***** Dataset extract *****

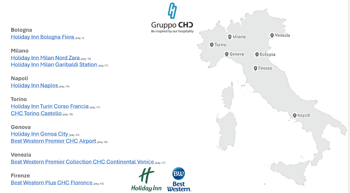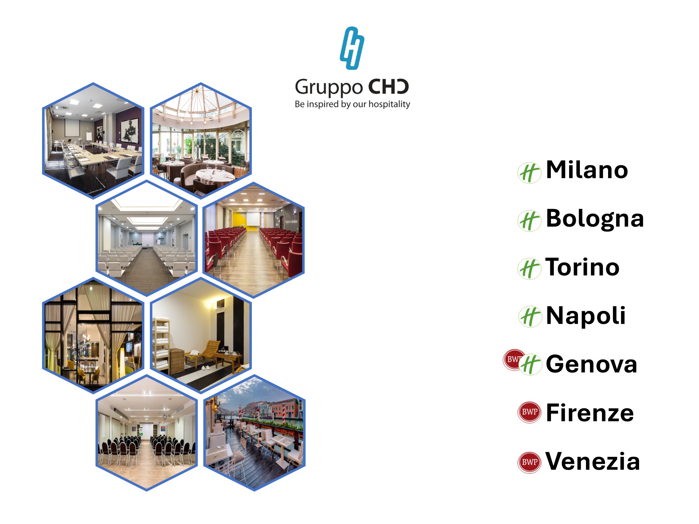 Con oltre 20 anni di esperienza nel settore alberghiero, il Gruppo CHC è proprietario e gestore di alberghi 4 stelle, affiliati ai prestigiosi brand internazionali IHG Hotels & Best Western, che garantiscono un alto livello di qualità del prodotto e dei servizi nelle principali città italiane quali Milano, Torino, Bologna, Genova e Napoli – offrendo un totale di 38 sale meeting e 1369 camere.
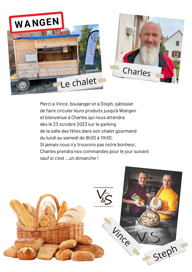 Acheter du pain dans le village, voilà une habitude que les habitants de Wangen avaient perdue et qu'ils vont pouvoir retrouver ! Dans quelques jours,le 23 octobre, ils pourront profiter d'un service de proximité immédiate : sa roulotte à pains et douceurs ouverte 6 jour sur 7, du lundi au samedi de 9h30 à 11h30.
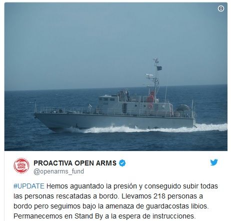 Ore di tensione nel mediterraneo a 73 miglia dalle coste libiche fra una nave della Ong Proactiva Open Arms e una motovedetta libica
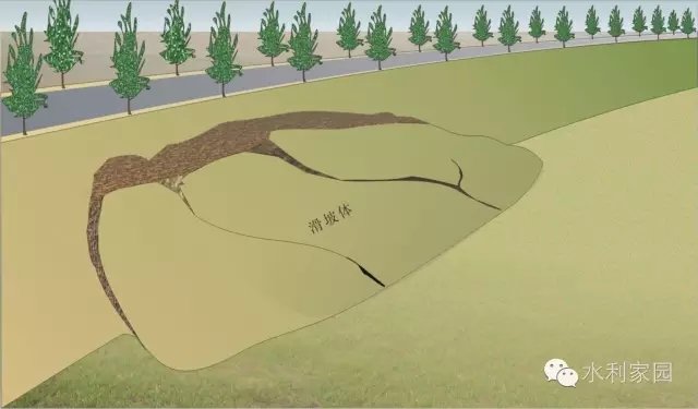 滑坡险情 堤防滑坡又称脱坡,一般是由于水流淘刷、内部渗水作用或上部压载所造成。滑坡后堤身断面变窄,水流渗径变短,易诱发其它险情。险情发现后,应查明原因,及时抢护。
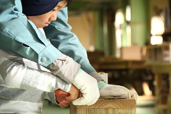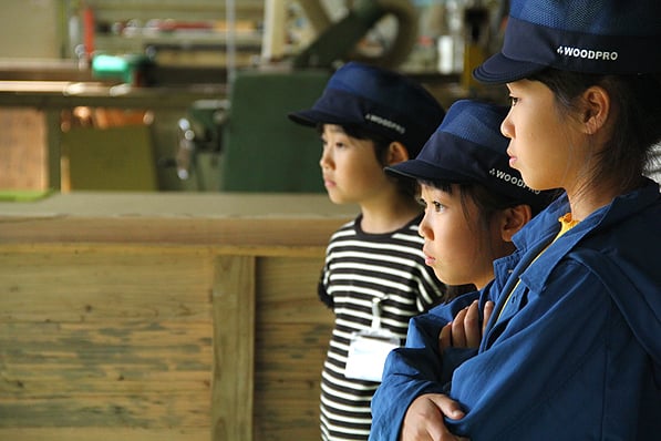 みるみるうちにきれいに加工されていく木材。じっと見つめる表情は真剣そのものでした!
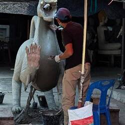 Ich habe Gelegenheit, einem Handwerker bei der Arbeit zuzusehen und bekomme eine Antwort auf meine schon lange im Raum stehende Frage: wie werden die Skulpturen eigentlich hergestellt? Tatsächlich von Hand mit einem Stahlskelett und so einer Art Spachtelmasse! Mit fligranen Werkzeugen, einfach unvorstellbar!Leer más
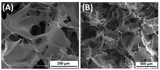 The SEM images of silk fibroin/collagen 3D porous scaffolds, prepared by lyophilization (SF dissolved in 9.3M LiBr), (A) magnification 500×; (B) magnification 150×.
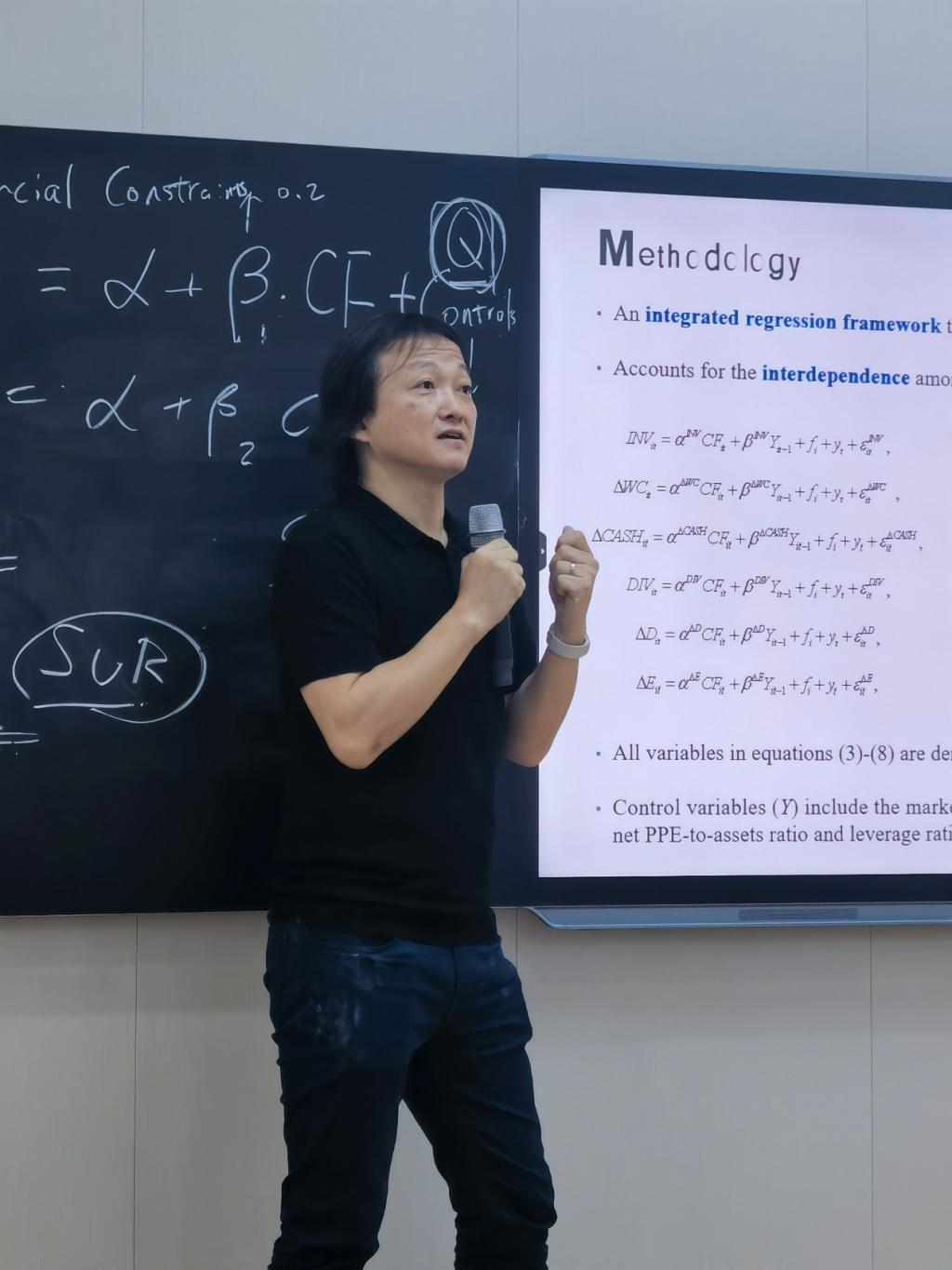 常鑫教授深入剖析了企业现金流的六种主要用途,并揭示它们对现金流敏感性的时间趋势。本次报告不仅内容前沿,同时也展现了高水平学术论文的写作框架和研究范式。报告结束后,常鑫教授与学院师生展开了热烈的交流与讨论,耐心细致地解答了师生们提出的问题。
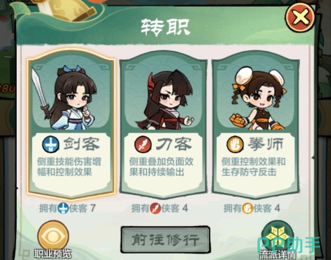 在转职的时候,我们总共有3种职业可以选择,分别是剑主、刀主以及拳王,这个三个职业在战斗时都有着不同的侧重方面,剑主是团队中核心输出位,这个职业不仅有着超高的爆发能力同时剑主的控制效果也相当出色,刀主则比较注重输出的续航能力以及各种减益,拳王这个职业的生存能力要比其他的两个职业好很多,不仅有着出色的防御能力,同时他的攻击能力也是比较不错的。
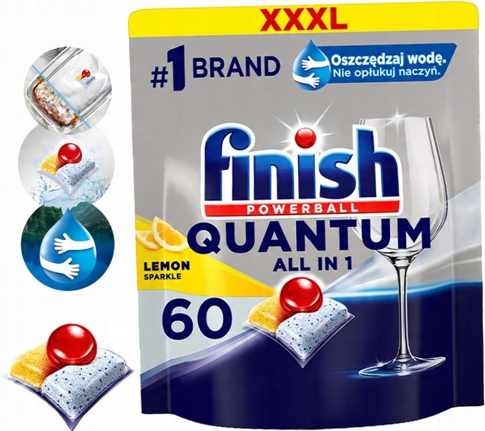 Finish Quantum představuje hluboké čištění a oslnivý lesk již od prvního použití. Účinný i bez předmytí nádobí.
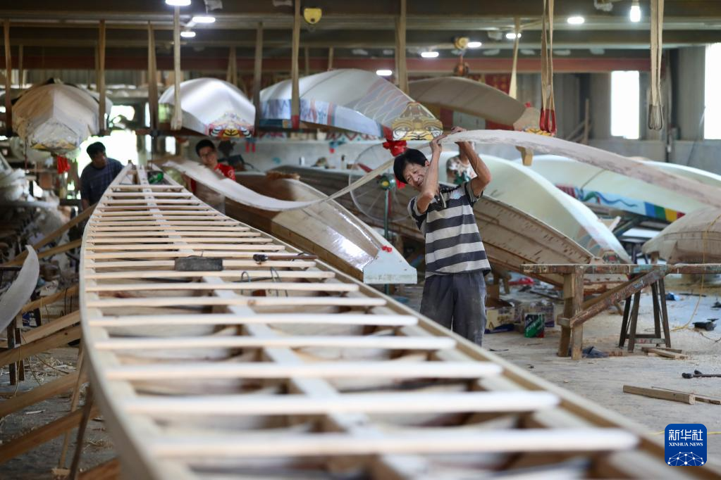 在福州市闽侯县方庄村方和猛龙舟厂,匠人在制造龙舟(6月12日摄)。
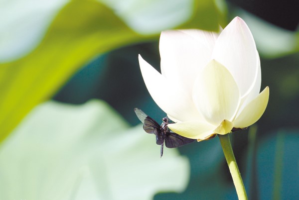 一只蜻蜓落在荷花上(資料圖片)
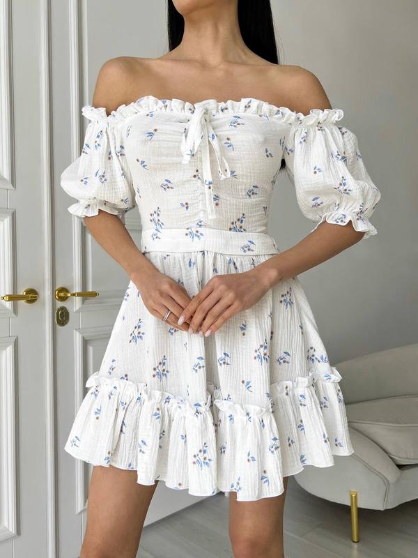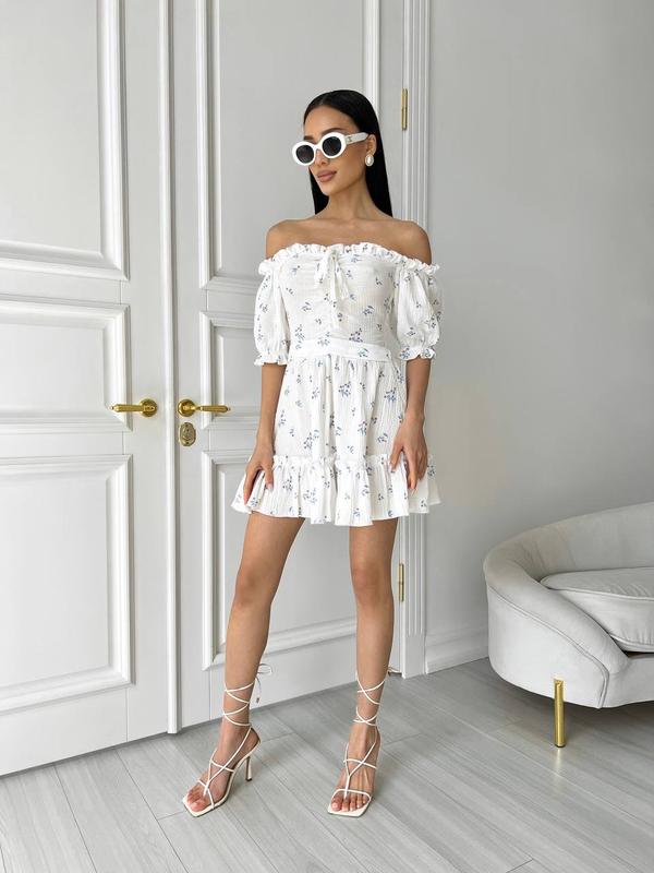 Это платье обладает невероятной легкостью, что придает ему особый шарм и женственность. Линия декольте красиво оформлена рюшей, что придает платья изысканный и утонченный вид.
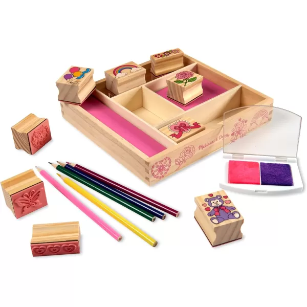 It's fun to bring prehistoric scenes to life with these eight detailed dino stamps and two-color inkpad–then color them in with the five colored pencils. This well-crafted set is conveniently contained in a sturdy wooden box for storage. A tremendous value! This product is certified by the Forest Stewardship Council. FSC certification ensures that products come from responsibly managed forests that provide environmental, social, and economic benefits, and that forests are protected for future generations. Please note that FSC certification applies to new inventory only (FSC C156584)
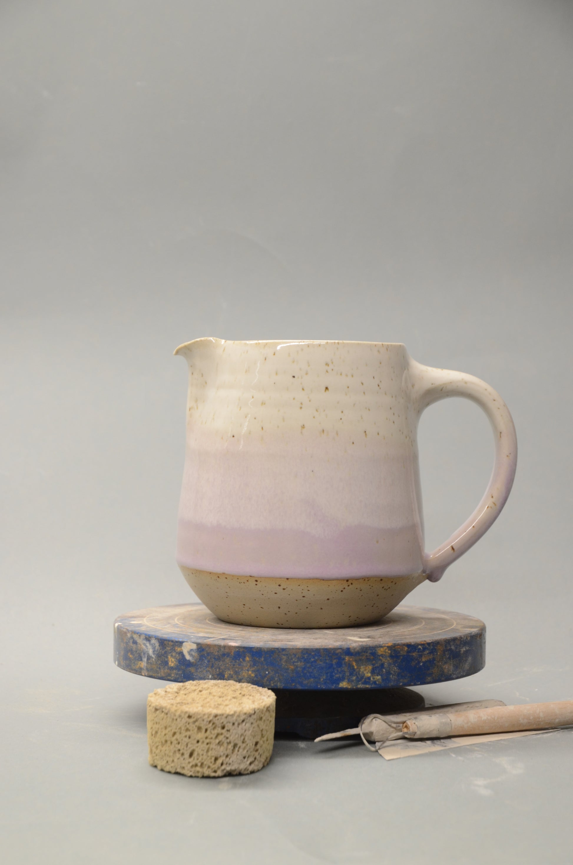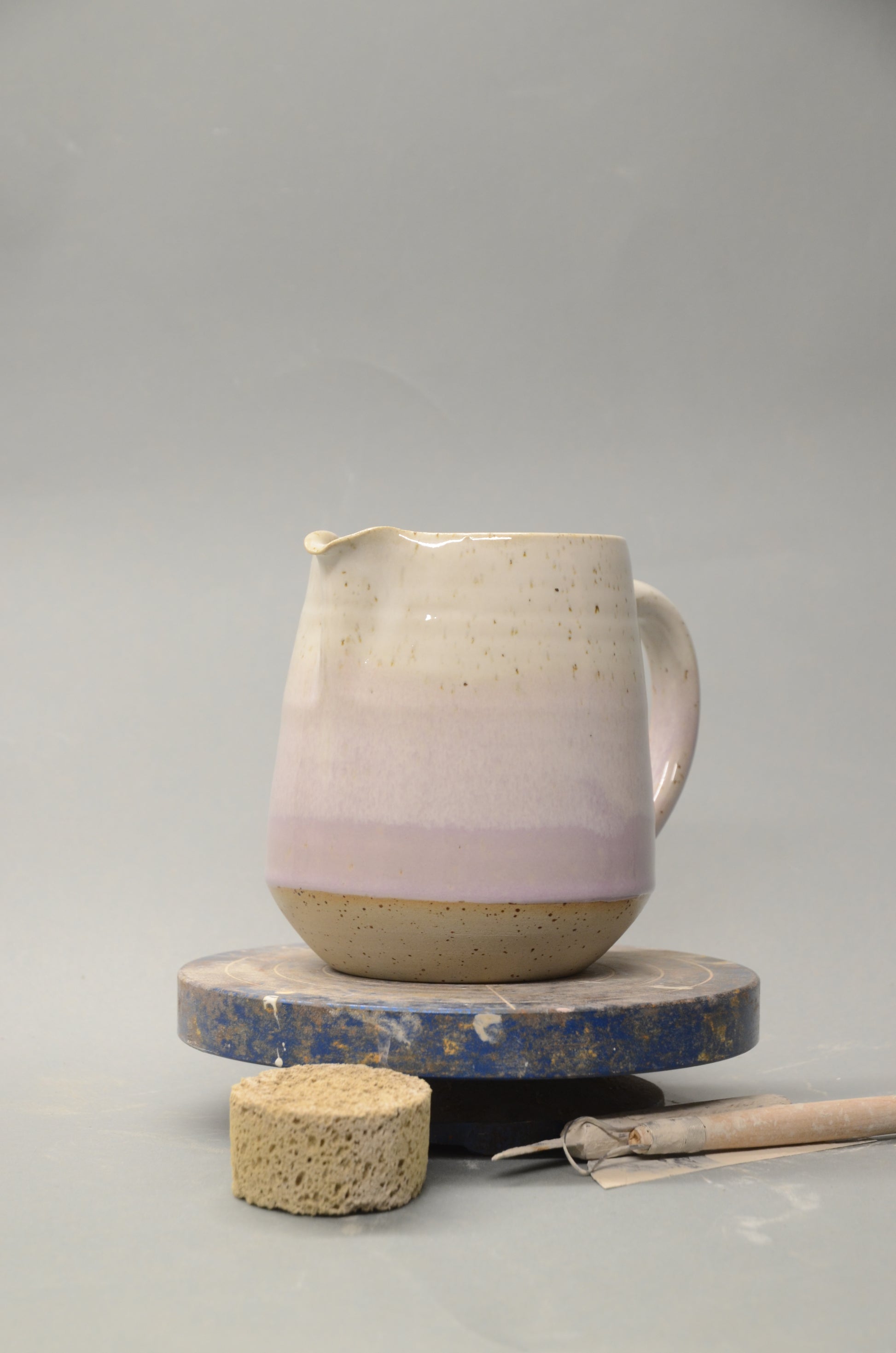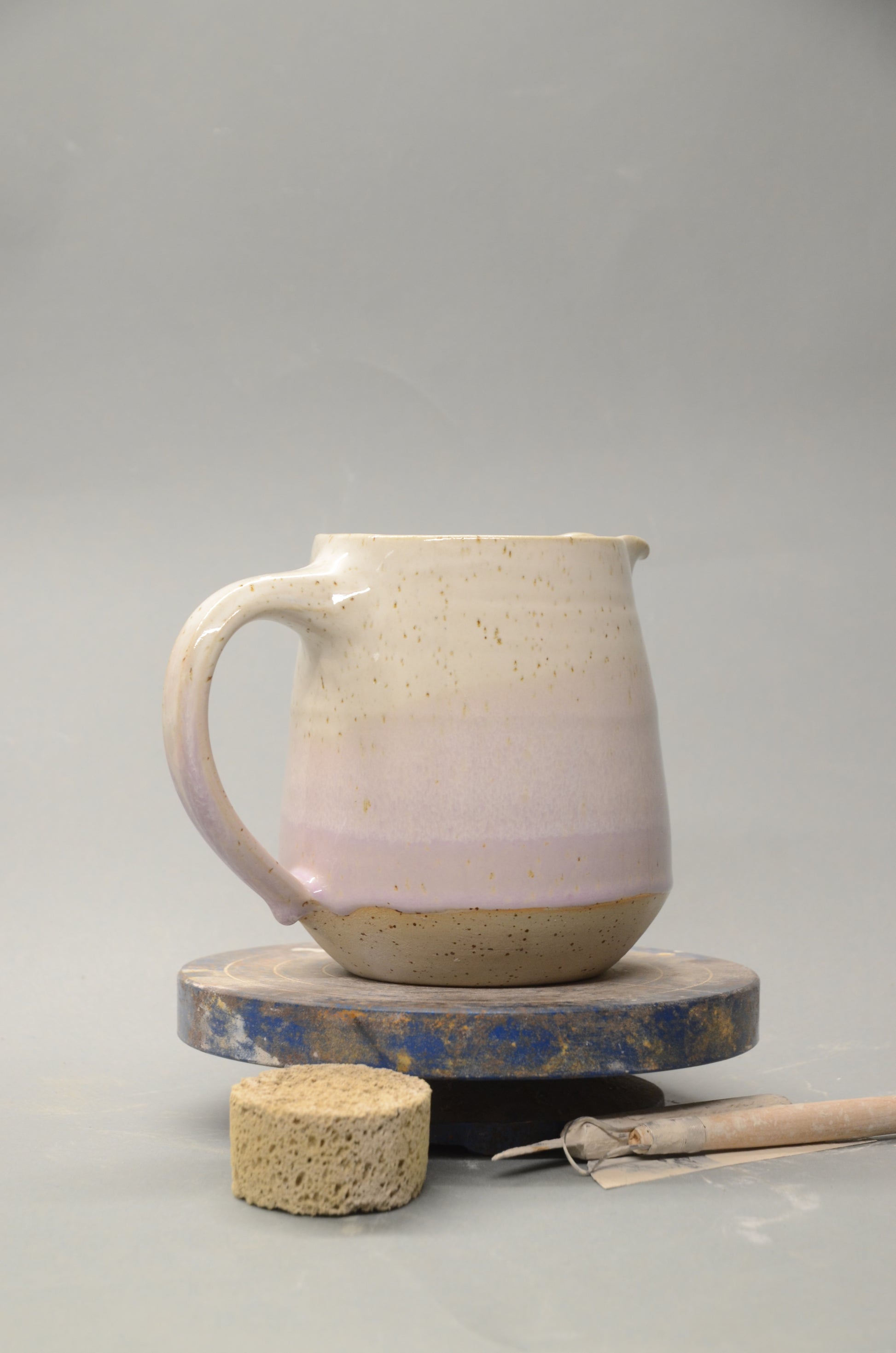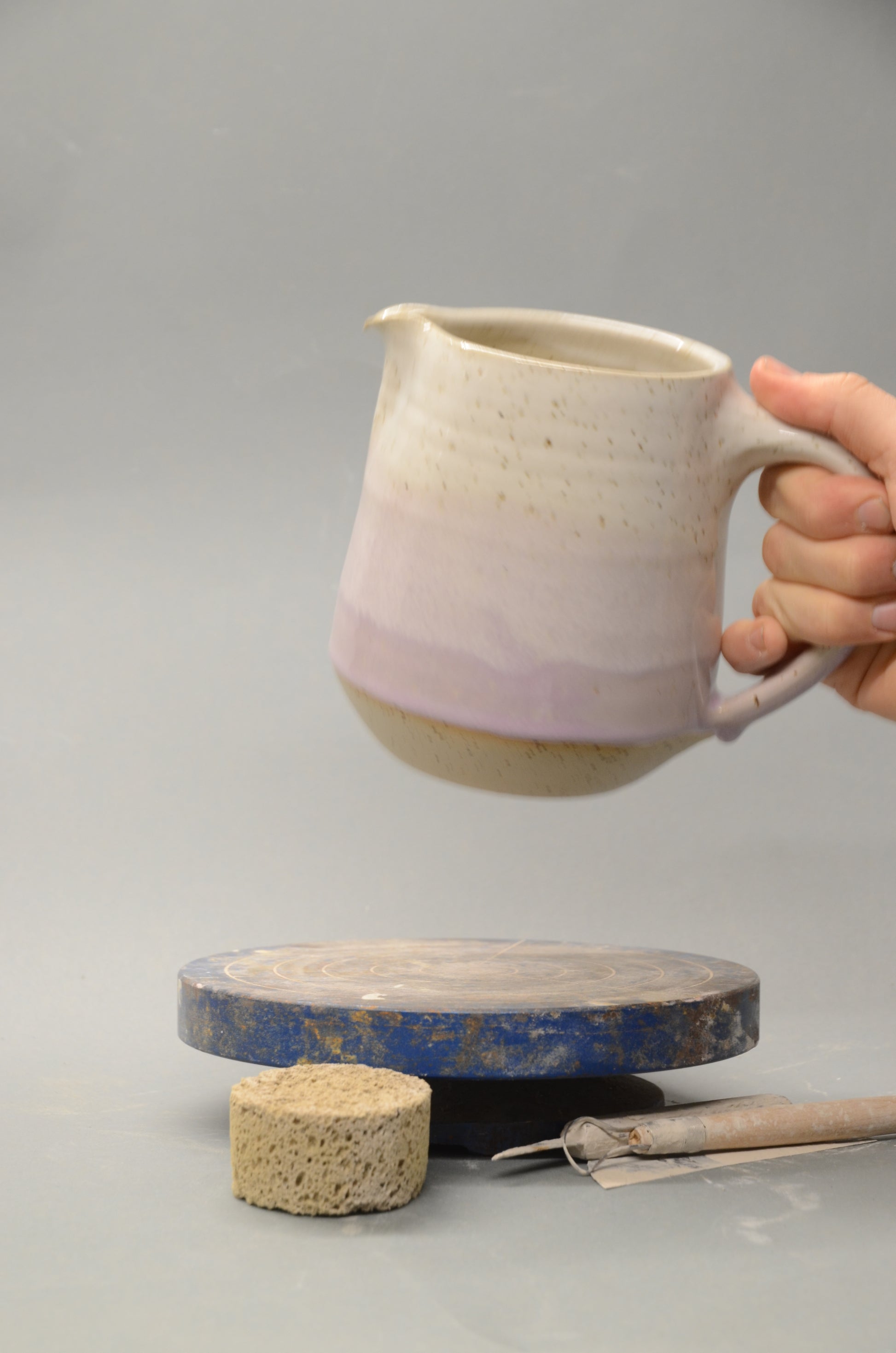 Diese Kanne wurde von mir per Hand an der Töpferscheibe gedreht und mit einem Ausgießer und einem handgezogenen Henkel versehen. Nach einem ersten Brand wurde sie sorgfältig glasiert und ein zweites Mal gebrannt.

*****

Problem statement | Range to copy from the records above: the line containing "The SEM images" to the line containing "Это платье обладает", both included. Output those lines exactly and only those, skipping pictures.

Solution for this exercise |
 The SEM images of silk fibroin/collagen 3D porous scaffolds, prepared by lyophilization (SF dissolved in 9.3M LiBr), (A) magnification 500×; (B) magnification 150×.
 常鑫教授深入剖析了企业现金流的六种主要用途,并揭示它们对现金流敏感性的时间趋势。本次报告不仅内容前沿,同时也展现了高水平学术论文的写作框架和研究范式。报告结束后,常鑫教授与学院师生展开了热烈的交流与讨论,耐心细致地解答了师生们提出的问题。
 在转职的时候,我们总共有3种职业可以选择,分别是剑主、刀主以及拳王,这个三个职业在战斗时都有着不同的侧重方面,剑主是团队中核心输出位,这个职业不仅有着超高的爆发能力同时剑主的控制效果也相当出色,刀主则比较注重输出的续航能力以及各种减益,拳王这个职业的生存能力要比其他的两个职业好很多,不仅有着出色的防御能力,同时他的攻击能力也是比较不错的。
 Finish Quantum představuje hluboké čištění a oslnivý lesk již od prvního použití. Účinný i bez předmytí nádobí.
 在福州市闽侯县方庄村方和猛龙舟厂,匠人在制造龙舟(6月12日摄)。
 一只蜻蜓落在荷花上(資料圖片)
 Это платье обладает невероятной легкостью, что придает ему особый шарм и женственность. Линия декольте красиво оформлена рюшей, что придает платья изысканный и утонченный вид.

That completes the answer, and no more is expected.